2. Great thing about using buckwheat flour is that the batter doesn’t need to rest.
3. Grease your hot nonstick pan for crêpe with a small amount of oil/butter, then spread it over the pan and wipe it all out with a paper towel. This should help avoiding to throw away the first crêpe.
4. Pour very slowly a ladle of batter in your hot pan. (no need to add any butter/oil at this stage). You are not going to tilt the pan as you would do with a regular crêpe batter but instead, moves very slowly your ladle and tilt your pan just a little as you try to pour evenly on the surface of the pan. You will see the batter makes a lot of air bubbles and runs very fast, this is totally normal. Just keep pouring very slowly until all the surface of the crêpe pan is covered with batter.
5. Let the crêpe cook for 2 full minutes then flip and cook another 2 minutes on medium heat.
6. Once the crêpe is cooked, wipe clean the pan with a paper towel, and repeat until all batter is used.
7. Keep your pan over medium heat. Add butter, and let it spread all over the pan.

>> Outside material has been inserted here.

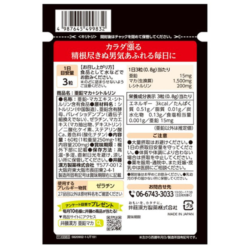 日本代购井藤汉方亚铅+玛咖胶囊60粒ITOH玛卡精华+锌+L瓜氨酸正品

8. Place your crêpe into the pan.
9. Crack an egg on the edge of the crêpe. Let it cook until the egg white is halfway cooked. It should take a few minutes.
10. Add the cheese and let it melt.
11. Add a pinch of salt and the small pieces of ham.
12. When the egg white is fully cooked, flip both sides of the crêpe over the ham letting you see the egg yolk.
13. Sprinkle chopped parsley on top.
14. Voila! Your galette is ready. Repeat for each galette you want to make.